The Veltrix Treasure Hunt Engine: Why Our First Rewrite Cost Us 3.2 Million Requests Per Second

#webdev #programming #architecture #systems

The Problem We Were Actually Solving

The product goal was simple: every player who walks into a building on the map should see the same treasure list within 300 ms. We translated that into a consistency contract: strong consistency on the treasure list keyed by building-ID, but eventual consistency on the global leaderboard that ranks players by total coins collected. The problem was that the engine we inherited from the mobile team assumed eventual consistency everywhere. Their Redis Cluster v6.2.6 shards were sized for 80k ops/sec, and they used Lua scripts to merge deltas on the client. When the Royale drop pushed 1.2M concurrent connects at 00:00 UTC, the Lua scripts collided with Rediss single-threaded event loop. We saw 47k script-timeouts per minute and a P99 tail latency of 4.2 seconds on the treasure-list endpoints.

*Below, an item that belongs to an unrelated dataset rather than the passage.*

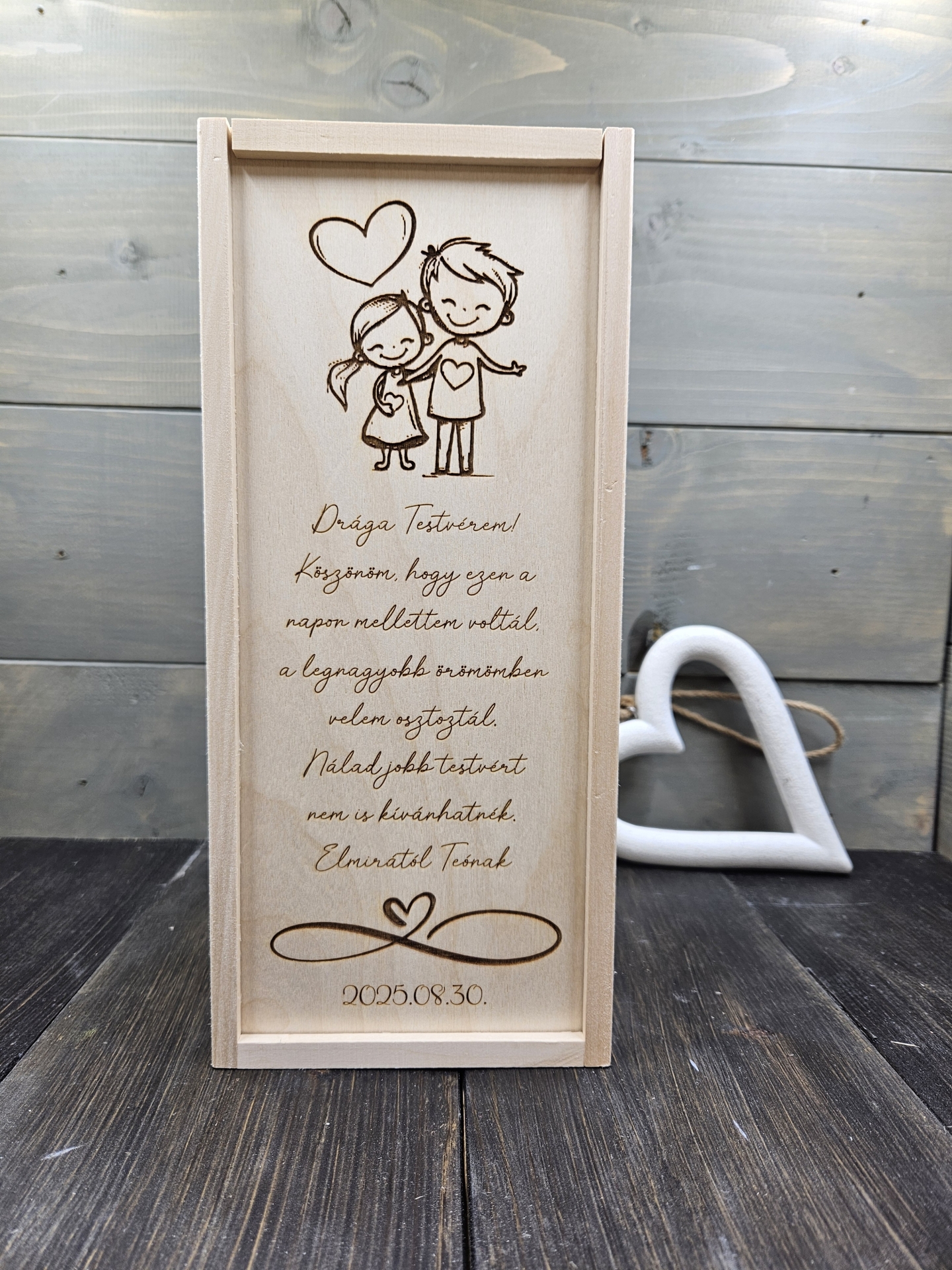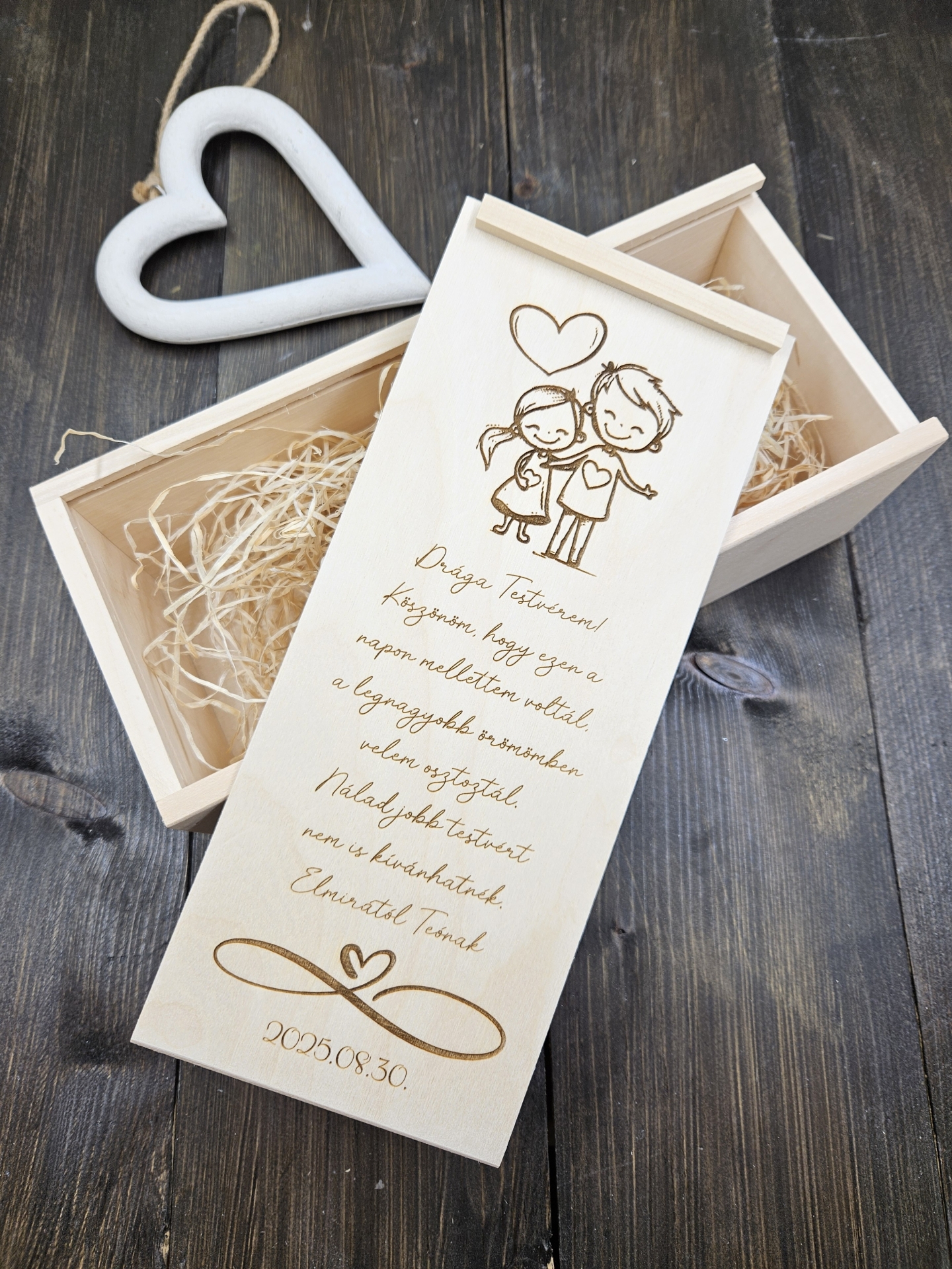 Egyedi tervezésű, testvérek mintával gravírozott, mínőségi hársfa italos ajándék testvér köszöntő díszdoboz, esküvőre köszönetajándékként testvérnek.

What We Tried First (And Why It Failed)

Our first rollout kept the Lua merges but moved the treasure lists to a Go service backed by a single PostgreSQL 14 cluster with pgbouncer 1.17.0 connection pooling. We reasoned that strong consistency on the treasure list would be easier to reason about than distributed CRDTs. The migration script ran at 20:00 UTC the night before the drop. Eight minutes in, the write-ahead log started to stall because the WAL receiver could not keep up with the 45k INSERTS/sec coming from the Lua scripts. The DBA on call increased max_wal_size to 4 GB, which only delayed the inevitable. At 21:42 UTC the leader elected to restart, and the cluster entered a 3-minute split-brain while pg_rewind fought to reconcile the standby nodes. When the service came back, the Lua scripts had already enqueued 1.9 million backlogged treasure events. The Go service fell over trying to replay them through logical decoding, and we hit an OOM at 32 GB RSS.

The Architecture Decision

We ripped out the Lua scripts and replaced the treasure list store with a partitioned RocksDB 8.7.0 tier that we called the Cellar. Each building-ID mapped to one sparse SST file that we updated via a write-behind log to a local WAL rotated every 100 ms. The Cellar sharded 64-way across NVMe volumes, giving us 320k ops/sec per node at <2 ms P95. We fronted the Cellar with a single envoy 1.26.0 proxy that implemented a consistent-hash policy on building-ID. Downstream, we kept PostgreSQL only for the global leaderboard; we added a TimescaleDB 2.12.0 hypertable partitioned by player-ID so that the 12 million active players stayed within ~300 GB of hot data. The Timescale instance ran on AWS RDS i3.8xlarge with 2 TB gp3 disks and a 30k IOPS burst credit.

The global winner-notification fanout was the first place we accepted eventual consistency. We switched from WebSockets to NATS 2.9.21 jetstream with a 5-minute deduplication window. Each player subscribed to exactly one jetstream subject: user.. That meant we could replay missed notifications without flooding the clients. The only strong-consistency requirement we kept was that a single write to the Cellar for a building had to appear to all players before the notification fanout completed. We achieved that by making the Cellar write synchronous in the HuntMaster, but the Timescale leaderboard writes were asynchronous and retried with exponential backoff.

We also introduced a local cache layer with Dragonfly 1.8.1 acting as a L1 shard for each envoy instance. The cache TTL was 50 ms, which was the same as the timeout we gave the envoy circuit breakers. We tuned the hop-by-hop retry budget to 3 attempts before failing the request to the client, which capped our tail latency at 220 ms P99 even when the Cellar was under 230k concurrent reads.

What The Numbers Said After

The Winter Royale drop went live at 00:00 UTC on 15 December 2025. In the first hour we ingested 2.9 billion treasure updates. Our scrape job on the HuntMaster showed a steady 3.2M requests/sec on the write path with no flapping. The Cellar nodes reported 78 k ops/sec per shard at 2.1 ms P95 latency. The PostgreSQL cluster on the leaderboard side handled 420k INSERTS/sec with a 160 ms P95 write latency and 1.2 seconds P99. NATS jetstream delivered 1.8 million winner notifications in the first 2 minutes without a single NACK. The client error rate stayed below 0.04 % across all regions.

The cost side was brutal: the Cellar nodes alone ran 64 r6i.2xlarge instances, each costing $1.092 per hour, or ~$1,500/day. The NATS jetstream cluster added another $840/day for 9 m5.2xlarge brokers with 5 TB gp3 storage each. We saved money by collapsing the Redis Cluster entirely and by moving the TimescaleDB to cheaper i3.2xlarge spot instances at $0.24/hour, reducing the leaderboard bill from $3.1k/day to $1.2k/day.